GS_50DIM = GS_FOLDER + "/gensim_glove_vectors_50dim.txt"
GS_100DIM = GS_FOLDER + "/gensim_glove_vectors_100dim.txt"
GS_200DIM = GS_FOLDER + "/gensim_glove_vectors_200dim.txt"


The autoreload extension is already loaded. To reload it, use:
  %reload_ext autoreload

1. Data imports: structures, sorting and wrangling

  • Import the Songs Titles and Artists from MusiXMatch 779052 songs
  • Import the Year from million song additional files 498466 songs
  • Import the Genres from TagTraum 255015 songs
  • Import the lyrics & the bag of words 91625 songs

1.1. Importing the songs

For now we only use titles and artist names, we are able to handle this part with only the musixmatch website. We download the data and put it into a dataframe with the Id of MusiXMatch(MXM_Tid) and the Track ID of the Million Song DataSet(Tid). Because we might have data that is given with one classification or the other, we decide to keep the two IDs, but we are fully aware that having two IDs is not giving additional information, it is only to be sure that other datasets will be easier to merge.
We for now, we get 779052 song's artists and titles


In [2]:
#Importing the text file in a DataFrame, removing exceptions (incomplete data)
matches = pd.read_table('Data/mxm_779k_matches.txt', error_bad_lines=False)

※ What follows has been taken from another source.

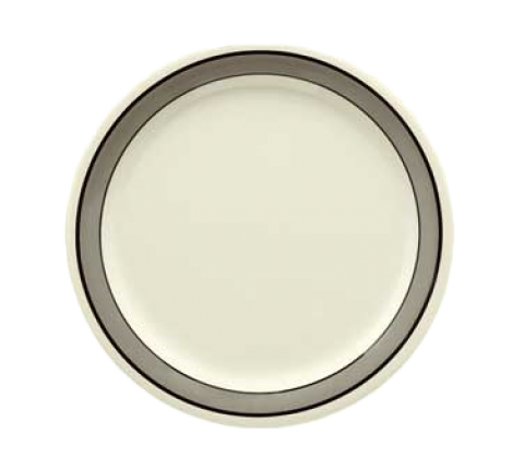 Diamond Cambridge™ Plate, 10-1/2" dia., round, narrow rim, break-resistant, dishwasher safe, BPA free, melamine, white with gray rim, NSF

#Changing the column's title in order to be clearer
matches.columns = ['Raw']

#Getting the Tid
matches['Tid'] = matches['Raw'].str.split('<SEP>', expand=True)[0]

#Extracting artist names
matches['Artist_Name'] = matches['Raw'].str.split('<SEP>', expand=True)[1]

#Extracting titles
matches['Title'] = matches['Raw'].str.split('<SEP>', expand=True)[2]

#Extractign MXM_Tid
matches['MXM_Tid'] = matches['Raw'].str.split('<SEP>', expand=True)[3]

#Dropping rows we do not need ()
matches = matches.drop(matches.index[:17])

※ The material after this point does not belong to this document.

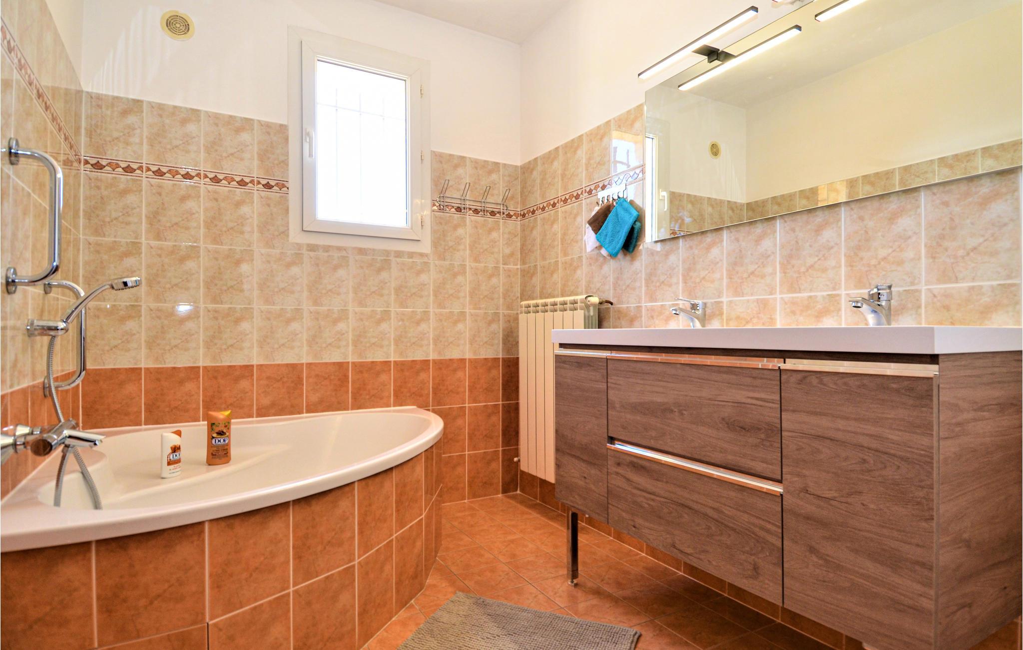 Das Haus bietet 4 schöne Schlafzimmer, 1 Badezimmer und 1 Duschbad mit WC, plus 1 separates WC sowie eine große, zum Wohnzimmer offene Küche mit schattigem Zugang zur Terrasse. Bis zu 10 Personen finden hier bequem Platz. Das Haus ist voll klimatisiert, so dass Sie hier auch in heißen Sommern angenehme Raumtemperaturen genießen.

#Droppign the column with raw data
matches = matches.drop('Raw', axis=1)

#set index Track ID
matches.set_index('Tid',inplace=True)

#Displaying results
display(matches.shape)
display(matches.head())


b'Skipping line 60821: expected 1 fields, saw 2\nSkipping line 126702: expected 1 fields, saw 2\n'
b'Skipping line 580629: expected 1 fields, saw 2\nSkipping line 632526: expected 1 fields, saw 2\n'
(779052, 3)
Artist_Name Title MXM_Tid
Tid
TRMMMKD128F425225D Karkkiautomaatti Tanssi vaan 4418550
TRMMMRX128F93187D9 Hudson Mohawke No One Could Ever 8898149
TRMMMCH128F425532C Yerba Brava Si Vos Querés 9239868
TRMMMXN128F42936A5 David Montgomery Symphony No. 1 G minor "Sinfonie Serieuse"/All... 5346741
TRMMMBB12903CB7D21 Kris Kross 2 Da Beat Ch'yall 2511405
Remarks:
  • There are two distinct identifiers for the same data. Because we might have data that is given with one classification or the other, we decide to keep the two IDs, but we are fully aware that having two IDs is not giving additional information, it is only to be sure that other datasets will be easier to merge.
  • This is only containing the artist and title, we need further informations such as the genre and the bags of words for each song.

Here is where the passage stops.